Big Data Analysis Homework 6 Solution

Starting from:

~~$35~~

$29

1. Consider the following two data les (student.csv and transcript.csv). The content of these les are as follows:

grunt> cat student.csv john,cs,senior mary,cs,junior lee,ece,junior bob,ece,junior

grunt> cat transcript.csv cse101,john,3.0 cse101,mary,3.5 cse231,john,3.5 cse231,mary,3.5 cse231,bob,2.0 cse480,john,3.0 ece200,bob,3.0 ece200,lee,4.0 ece335,lee,3.5

State each of the following Pig Latin queries below in plain English and show the result obtained after processing the query.

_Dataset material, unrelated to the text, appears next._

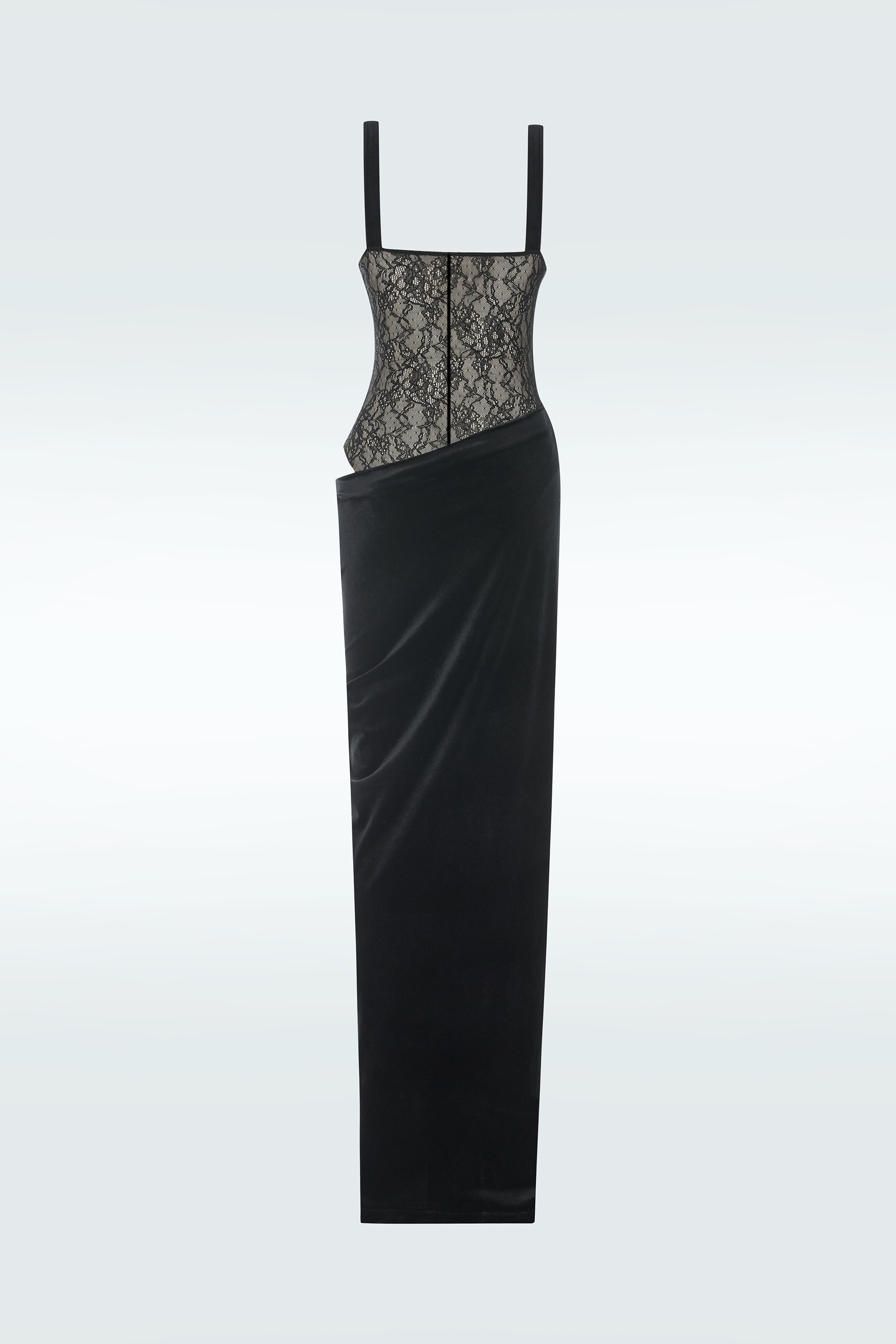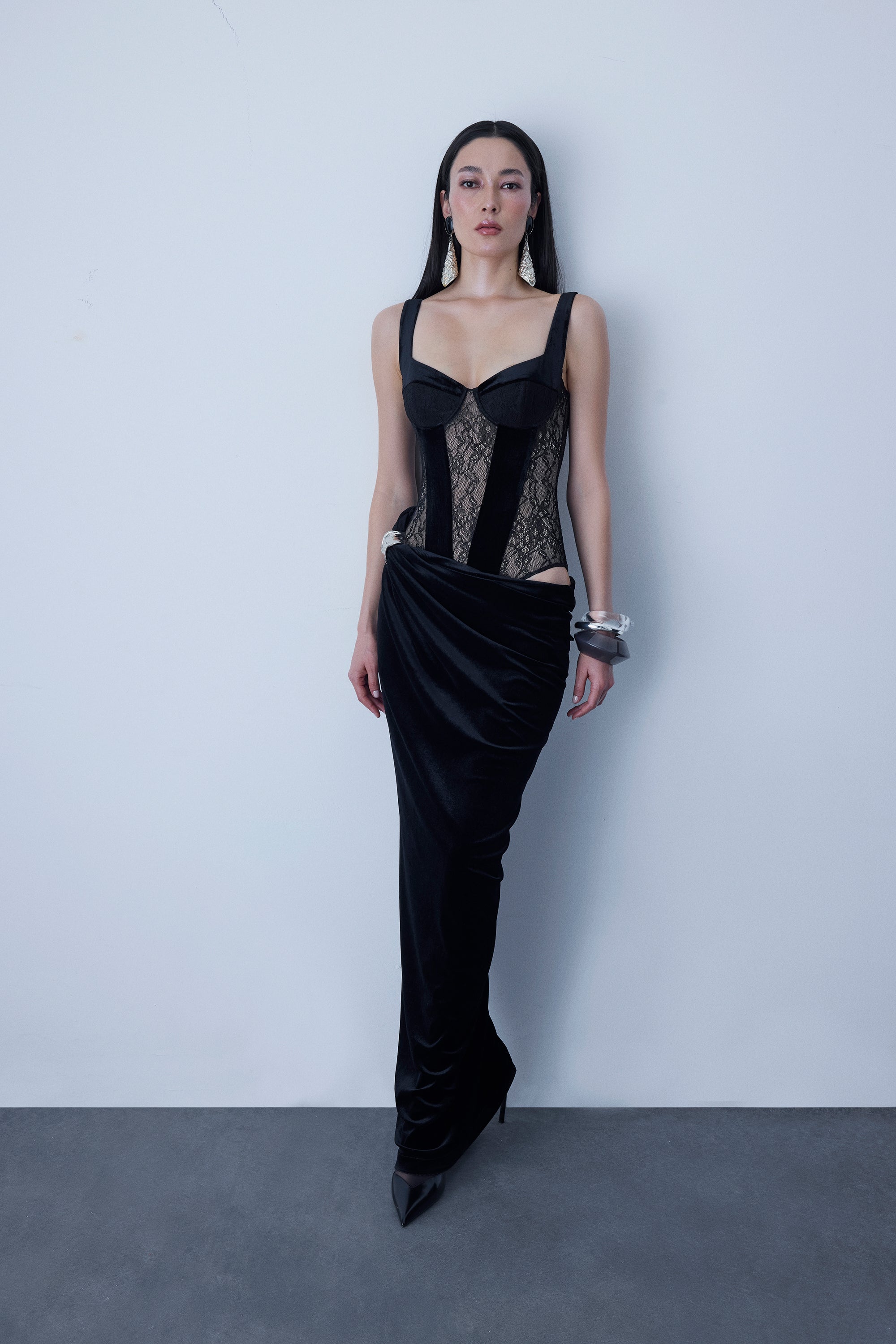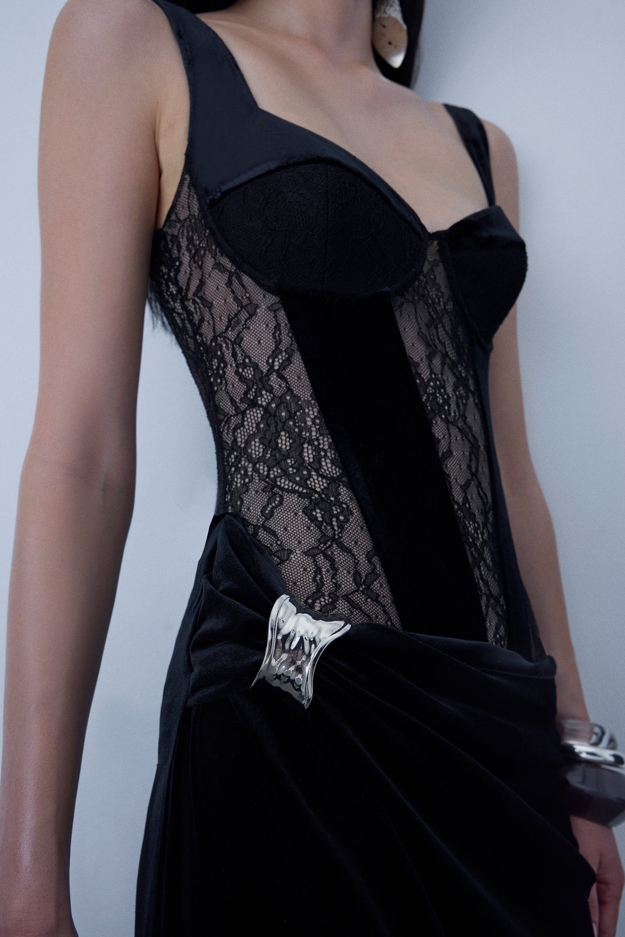 Full length lace&velvet mix dress with metal accessory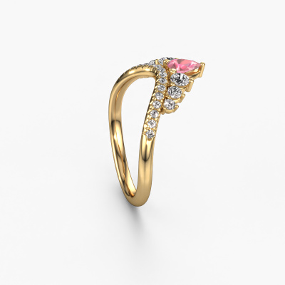 This Crown B stackable ring in 14 Carat gold is set with tourmaline pink. This gold stacked Crown B ring is the perfect addition to your ring collection! As the name suggests, it is a ring which can be combined on one finger with another ring. It gives you the opportunity to create your own style. A stacked ring usually represents a certain memory of someone special or a memorable moment. It is common to combine a stacked ring, representing an anniversary, with a wedding ring. But this daring ring, combined with your other rings, also makes a classy fashion item. As soon as you finished designing your Crown B stackable ring with our online tool, our goldsmiths will start their creative process of making your ring. This will be done with passion and care, according ancient crafting. On top of that, our jewels are made of eco-friendly materials. Simply customize online with our online tool, if you want any changes made. If you want specific changes made to your Crown B stackable ring, that are unavailable in our online tool, please feel free to contact our expert designers.By using our modern techniques, we can design and customize the finest quality jewels with the utmost care for you. Our rings are always priced 30 percent lower than other jewelers. We make rings to order, so we don't have to maintain a large stock. If you have a certain budget, we are more than happy to advice you accordingly.To make it easier for you, we offer a 30 day return policy. Check our terms and conditions.

(a) data = load ’student.csv’ using PigStorage(’,’); grp = group data by $2;

result = foreach grp generate group, COUNT(data); dump result;

(b) data = load ’transcript.csv’ using PigStorage(’,’); grp = group data by $1;

tmp = foreach grp generate group, AVG(data.$2); result = FILTER tmp by $1 >= 3.5;

dump result;

(c) s = load ’student.csv’ using PigStorage(’,’);

t = load ’transcript.csv’ using PigStorage(’,’); data = join s by $0, t by $1;

tmp = foreach data generate $2,$3,$5; tmp2 = filter tmp by $1 matches ’cse231’; grp = group tmp2 by $0;

result = foreach grp generate group, AVG(tmp2.$2); dump result;

(d) s = load ’student.csv’ using PigStorage(’,’); n = filter s by not($1 matches ’cs’);

t = load ’transcript.csv’ using PigStorage(’,’);

1

t2 = filter t by $0 matches ’cs.*’;

tmp = join t2 by $1, n by $0;

result = foreach tmp generate $1;

dump result;

(e) t = load ’transcript.csv’ using PigStorage(’,’); c = forech t generate $0;

c2 = distinct c;

c3 = filter c2 by $0 matches ’cse.*’; gc = group c3 all;

maxc = foreach gc generate COUNT(c3); tmp = join t by $0, c3 by $0;

grp = group tmp by $1;

tmp2 = foreach grp generate group, COUNT(tmp); tmp3 = join tmp2 by $1, maxc by $0;

result = foreach tmp3 generate $0; dump result;

2. For this question, you will be using the dataset from Exercise 13. First, download the data from http://www.cse.msu.edu/~cse482/exercise13. tar. After extracting the archived le, you will nd 2 data les: pa-tient.csv and visit.csv. The patient.csv le contains the following 4 comma-separated values: patient ID, name, gender, and age, while the visit.csv le contains the following 4 comma-separated values: visit ID, visitDate, pa-tientID, and diagnosis. Write the Pig Latin scripts to process each query below. For each question below, you need to submit the corresponding script le as well as the query result. The source code should be written in a script le named q2*.pig. For example, the script for the rst question is q2a.pig, the second question is q2b.pig, and so on. The query results must also be saved in their corresponding directories named q2*. Create a zip or tar le to compress/archive all the script and result les into a single le named question2.tar or question2.zip and submit it to D2L.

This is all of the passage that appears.